## TASK
Exactly the lines from the one containing "Первые симптомы недуга" through the one containing "울산 중구 영어학원 우정혁신도시 로렐 어학원 2026학년도 1학기 주요일정" in the listing below are to be copied, with the pictures left out.

## GIVEN DATA
▬▬▬▬▬▬▬▬▬▬

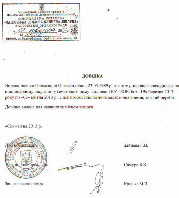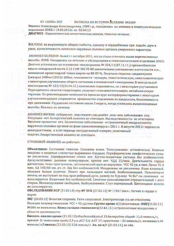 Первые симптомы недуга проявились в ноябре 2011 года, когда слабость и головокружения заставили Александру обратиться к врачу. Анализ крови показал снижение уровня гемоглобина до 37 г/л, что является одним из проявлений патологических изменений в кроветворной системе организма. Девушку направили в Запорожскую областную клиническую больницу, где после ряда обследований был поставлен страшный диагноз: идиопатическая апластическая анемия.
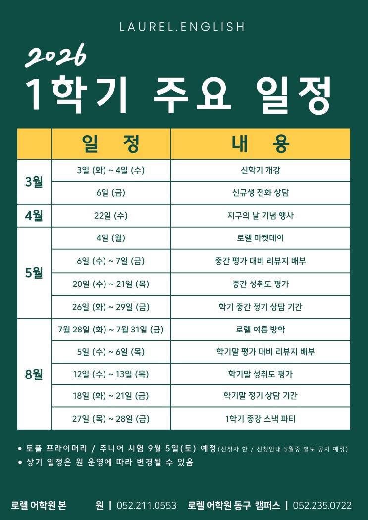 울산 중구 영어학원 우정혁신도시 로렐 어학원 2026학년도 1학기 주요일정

▬▬▬▬▬▬▬▬▬▬

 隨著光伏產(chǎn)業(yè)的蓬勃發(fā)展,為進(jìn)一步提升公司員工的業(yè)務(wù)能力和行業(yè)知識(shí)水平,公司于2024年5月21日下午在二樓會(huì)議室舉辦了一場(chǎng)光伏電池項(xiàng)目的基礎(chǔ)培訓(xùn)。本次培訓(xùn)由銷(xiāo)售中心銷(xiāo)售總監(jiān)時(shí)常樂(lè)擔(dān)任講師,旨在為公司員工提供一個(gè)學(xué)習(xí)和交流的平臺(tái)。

▬▬▬▬▬▬▬▬▬▬

## EXERCISE SOLUTION
 Первые симптомы недуга проявились в ноябре 2011 года, когда слабость и головокружения заставили Александру обратиться к врачу. Анализ крови показал снижение уровня гемоглобина до 37 г/л, что является одним из проявлений патологических изменений в кроветворной системе организма. Девушку направили в Запорожскую областную клиническую больницу, где после ряда обследований был поставлен страшный диагноз: идиопатическая апластическая анемия.
 울산 중구 영어학원 우정혁신도시 로렐 어학원 2026학년도 1학기 주요일정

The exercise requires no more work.